## Raw data
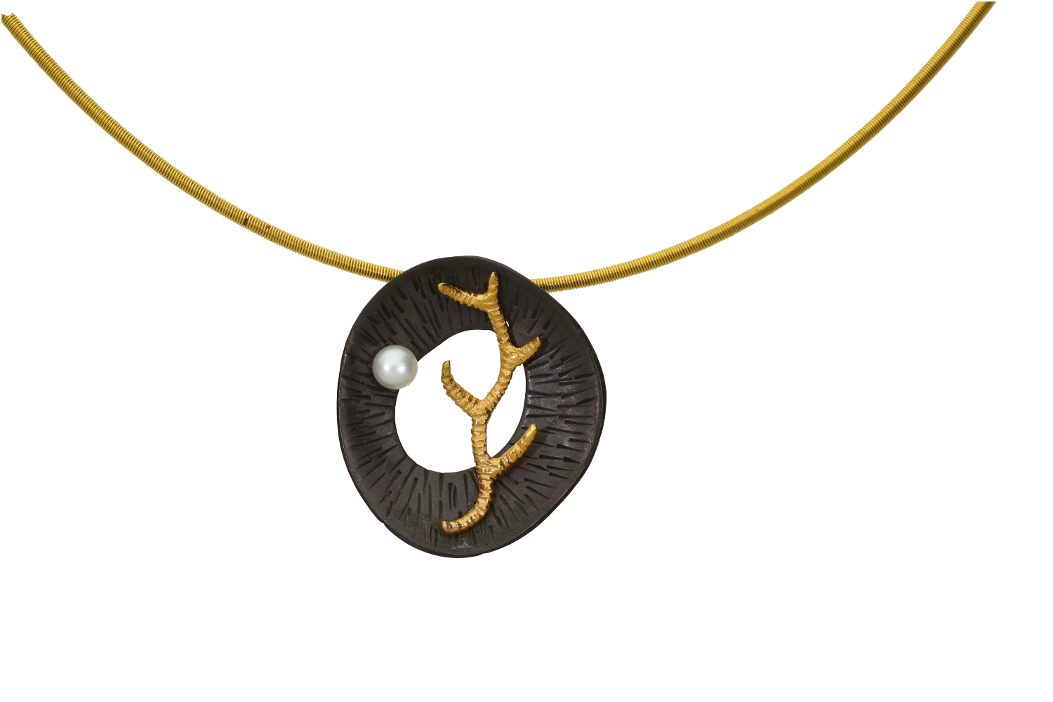 Κολιέ σε δίχρωμο ασήμι 925° μαυρισμένο κυκλικό μοτιφ με επιχρυσωμένο κλαδί και ένα μαργαριτάρι
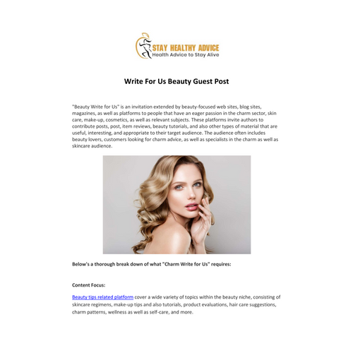 Are you a dedicated fashion or beauty blogger seeking to reach a larger audience with your original content? You are cordially invited to join our team at Stay Healthy Advice and offer original and interesting guest blogs. Compose for Us Writing on beauty and skincare gives writers the chance to share their expertise, perceptions, and creativity with a larger audience. It gives people a platform to engage with the beauty community, position themselves as experts or enthusiasts, and meet others who share their interests. Writers should conduct extensive research to find beauty platforms that fit their hobbies and areas of expertise, then meticulously adhere to their submission policies. Visit: https://stayhealthyadvice.com/write-for-us-beauty/
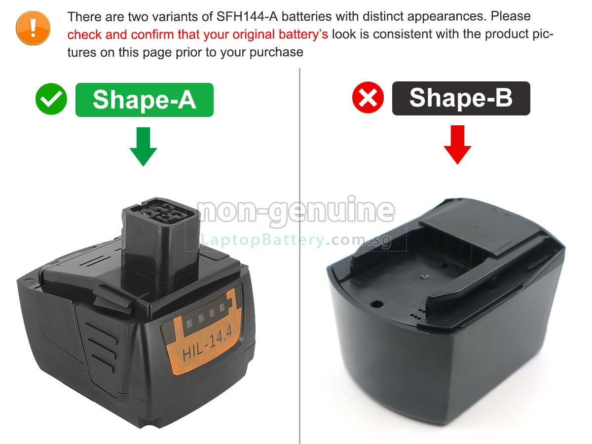 Welcome your patronage and thank you for purchasing this high quality replacement Hilti 14.4V SF144-A power tools battery at Laptopbattery.com.sg! Before placing an order, please make sure that the part number of your old Hilti 14.4V SF144-A battery is listed as below and has the same shape as our replacement 14.4V SF144-A battery's images (please view the larger images for details).
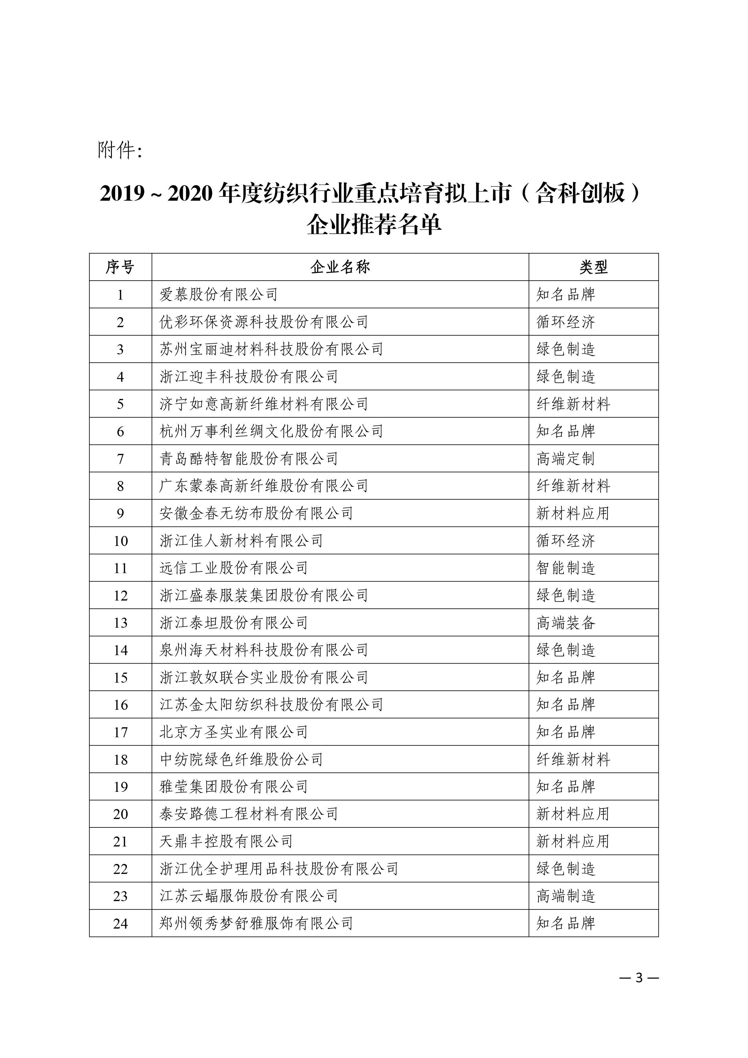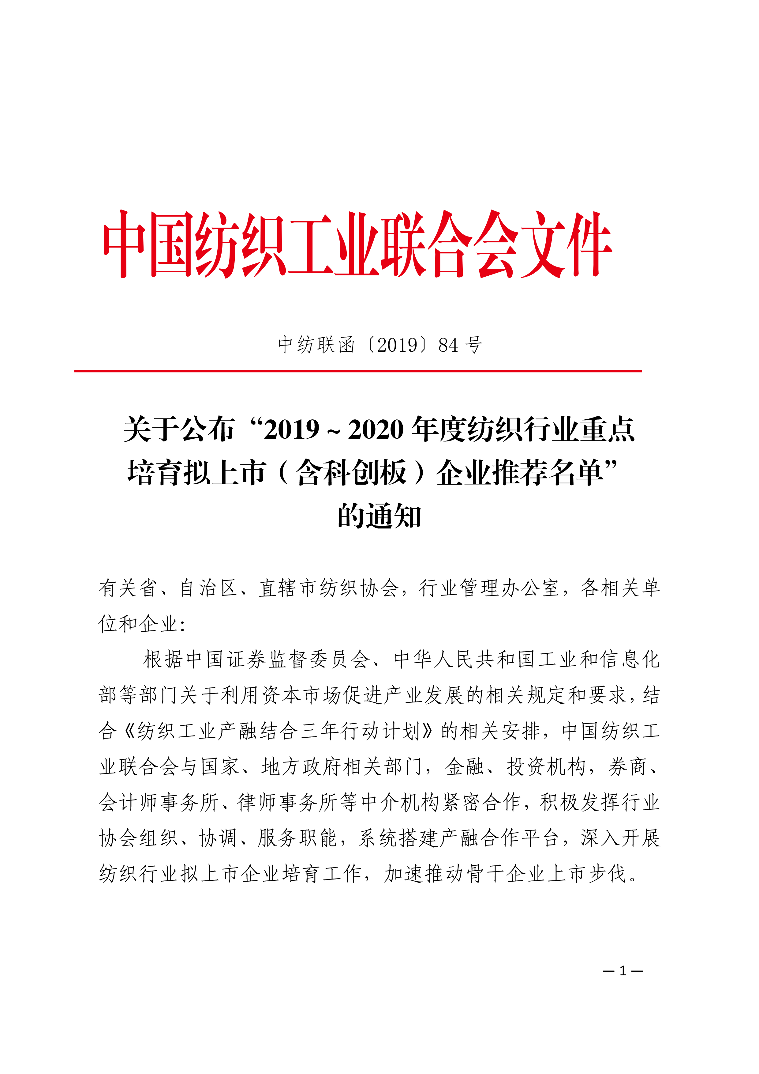 關(guān)于公布2019-2020年度紡織行業(yè)重點(diǎn)擬上市(含科創(chuàng)板)企業(yè)推薦名單的通知

## Your objective
Write out the data again word for word, minus any images.

## Exercise result
 Κολιέ σε δίχρωμο ασήμι 925° μαυρισμένο κυκλικό μοτιφ με επιχρυσωμένο κλαδί και ένα μαργαριτάρι
 Are you a dedicated fashion or beauty blogger seeking to reach a larger audience with your original content? You are cordially invited to join our team at Stay Healthy Advice and offer original and interesting guest blogs. Compose for Us Writing on beauty and skincare gives writers the chance to share their expertise, perceptions, and creativity with a larger audience. It gives people a platform to engage with the beauty community, position themselves as experts or enthusiasts, and meet others who share their interests. Writers should conduct extensive research to find beauty platforms that fit their hobbies and areas of expertise, then meticulously adhere to their submission policies. Visit: https://stayhealthyadvice.com/write-for-us-beauty/
 Welcome your patronage and thank you for purchasing this high quality replacement Hilti 14.4V SF144-A power tools battery at Laptopbattery.com.sg! Before placing an order, please make sure that the part number of your old Hilti 14.4V SF144-A battery is listed as below and has the same shape as our replacement 14.4V SF144-A battery's images (please view the larger images for details).
 關(guān)于公布2019-2020年度紡織行業(yè)重點(diǎn)擬上市(含科創(chuàng)板)企業(yè)推薦名單的通知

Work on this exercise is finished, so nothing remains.